- Assigned task:
Type out the data exactly as given. Skip any image.

● ● ● ●

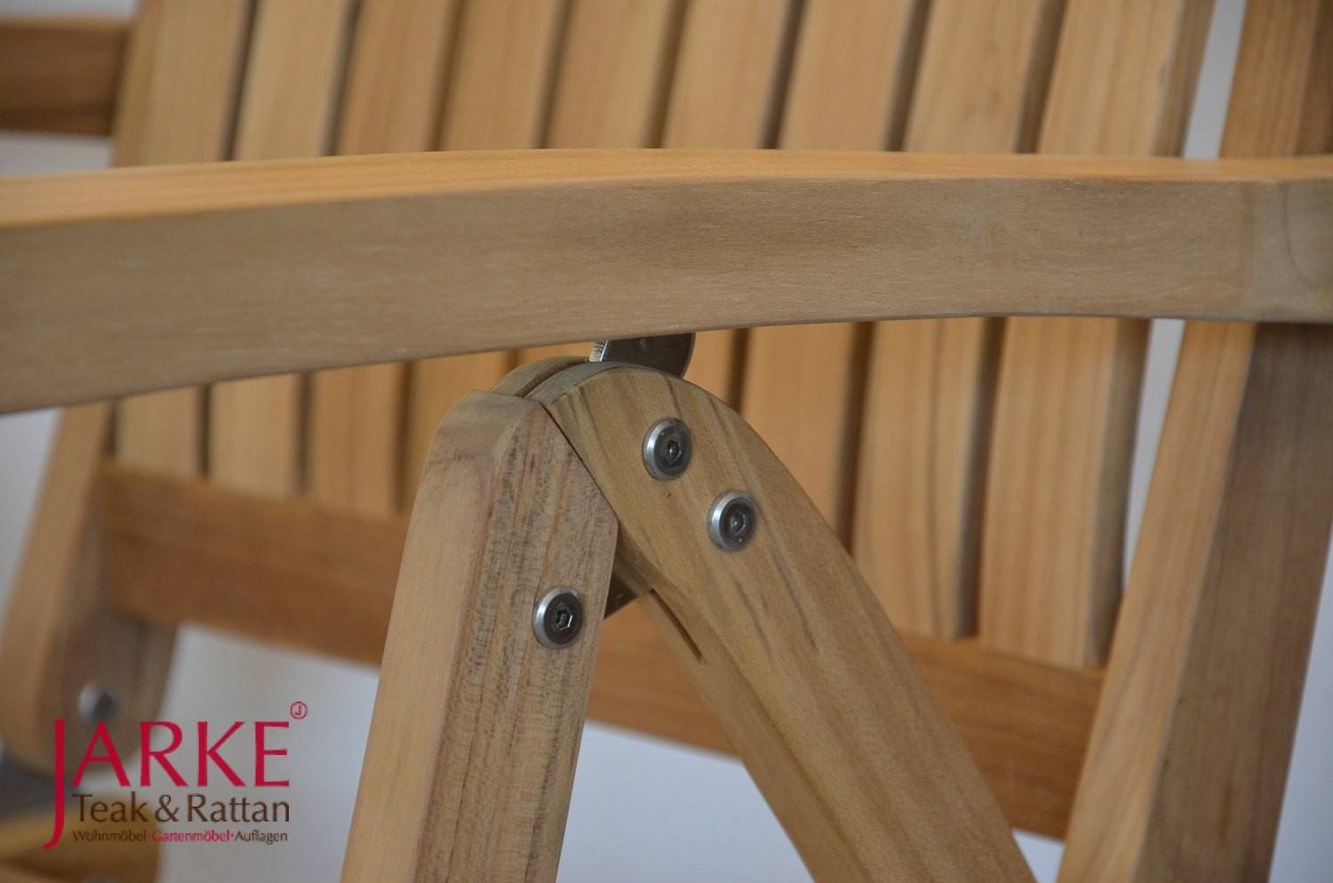 • Ergonomischer Teak Hochlehner mit EdelstahlscharnierenErgonomischer Teak Hochlehner mit Edelstahlscharnieren
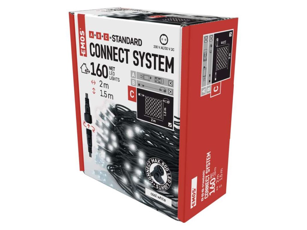 Standard LED spojovacia vianočná reťaz – sieť, 1,5x2 m, vonkajšia, studená biela - D1DC01
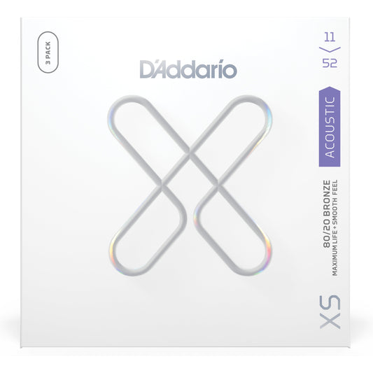 D'Addario 11-52 Custom Light, XS 80/20 Bronze Coated Acoustic Guitar Strings 3-Pack
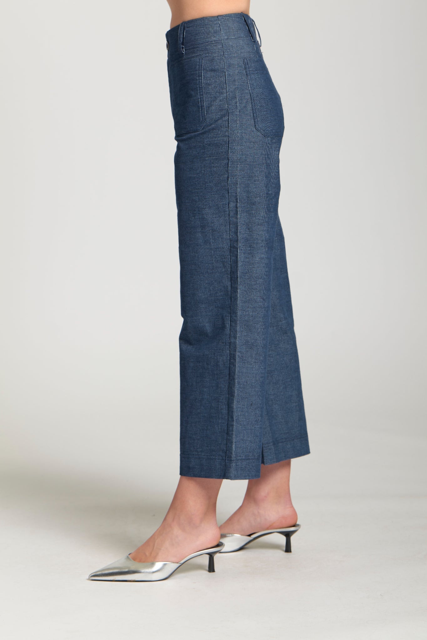 Step into comfort and sophistication with these Ponte Cropped Wide Leg Pants. Crafted from a soft, structured ponte knit, these pants feature a clean front with a concealed zip closure for a polished look.
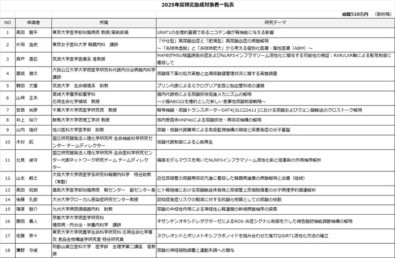 2025年度研究助成対象者一覧表(PDF)
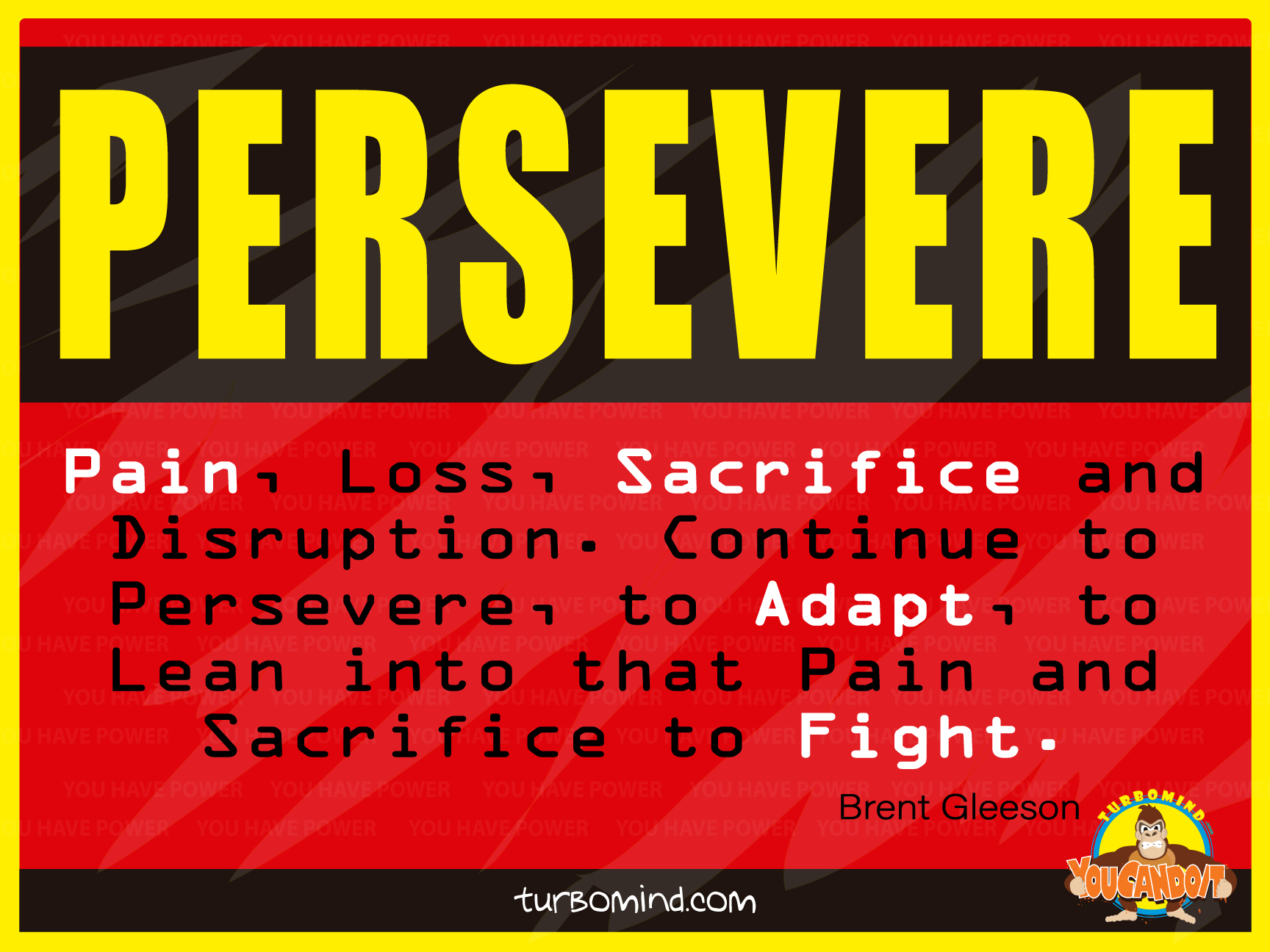 PERSEVERE Pain, Loss, Sacrifice and Disruption. Continue to Persevere, to Adapt, to Lean into that Pain and Sacrifice to Fight. Brent Gleeson
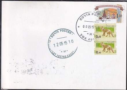 Картмаксимум со спецгашением "70 лет Победы в ВОВ" (За честь), 8.05.2015 год, Уфа, прошел почту (ВВ)
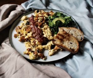 Šis ēdiens būs ideāla izvēle brokastīm, jo olas un Jāņu siers veido lielisku garšas kombināciju un sniedz dienas iesākumam nepieciešamo enerģiju
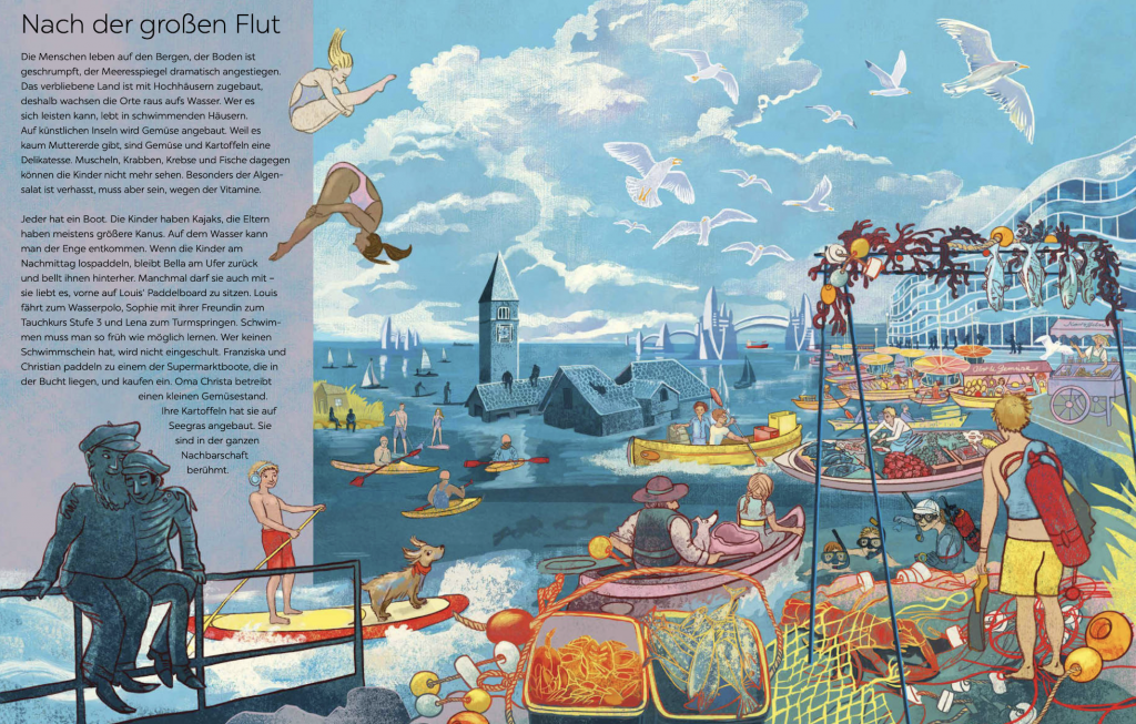 Trotzdem wirkt das Bild recht heiter – ähnlich der Welt „nach der großen Flut“. Die Menschen leben hier „auf den Bergen, der Boden ist geschrumpft, der Meeresspiegel dramatisch angestiegen“. Getreu dem Klima-Märchen, dass bald ganze Länder wie Holland unter Wasser stehen werden, gucken nur noch der Kirchturm und die Häuserdächer aus den Fluten.
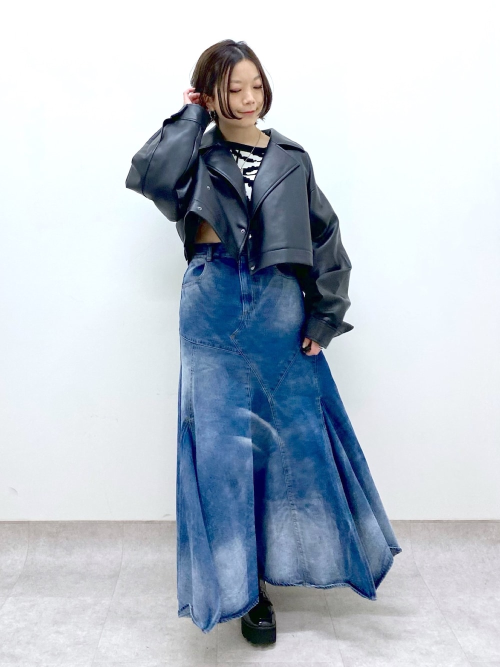 【ご予約受付中】 このシルエットのきれいさと他にはないデザインのデニムスカート せっかくの美シルエットなのでショート丈合わせがおすすめです♡ このルーズ感なシルエットが厳つく見えずにバランス◎です STAFF BOARD▶︎Chisa *アラフォー低身長なりの大人カジュアルスタイルを楽しんで毎日更新しています!ぜひフォローお願いします◡̈*

● ● ● ●

- Answer space:
 • Ergonomischer Teak Hochlehner mit EdelstahlscharnierenErgonomischer Teak Hochlehner mit Edelstahlscharnieren
 Standard LED spojovacia vianočná reťaz – sieť, 1,5x2 m, vonkajšia, studená biela - D1DC01
 D'Addario 11-52 Custom Light, XS 80/20 Bronze Coated Acoustic Guitar Strings 3-Pack
 Step into comfort and sophistication with these Ponte Cropped Wide Leg Pants. Crafted from a soft, structured ponte knit, these pants feature a clean front with a concealed zip closure for a polished look.
 2025年度研究助成対象者一覧表(PDF)
 PERSEVERE Pain, Loss, Sacrifice and Disruption. Continue to Persevere, to Adapt, to Lean into that Pain and Sacrifice to Fight. Brent Gleeson
 Картмаксимум со спецгашением "70 лет Победы в ВОВ" (За честь), 8.05.2015 год, Уфа, прошел почту (ВВ)
 Šis ēdiens būs ideāla izvēle brokastīm, jo olas un Jāņu siers veido lielisku garšas kombināciju un sniedz dienas iesākumam nepieciešamo enerģiju
 Trotzdem wirkt das Bild recht heiter – ähnlich der Welt „nach der großen Flut“. Die Menschen leben hier „auf den Bergen, der Boden ist geschrumpft, der Meeresspiegel dramatisch angestiegen“. Getreu dem Klima-Märchen, dass bald ganze Länder wie Holland unter Wasser stehen werden, gucken nur noch der Kirchturm und die Häuserdächer aus den Fluten.
 【ご予約受付中】 このシルエットのきれいさと他にはないデザインのデニムスカート せっかくの美シルエットなのでショート丈合わせがおすすめです♡ このルーズ感なシルエットが厳つく見えずにバランス◎です STAFF BOARD▶︎Chisa *アラフォー低身長なりの大人カジュアルスタイルを楽しんで毎日更新しています!ぜひフォローお願いします◡̈*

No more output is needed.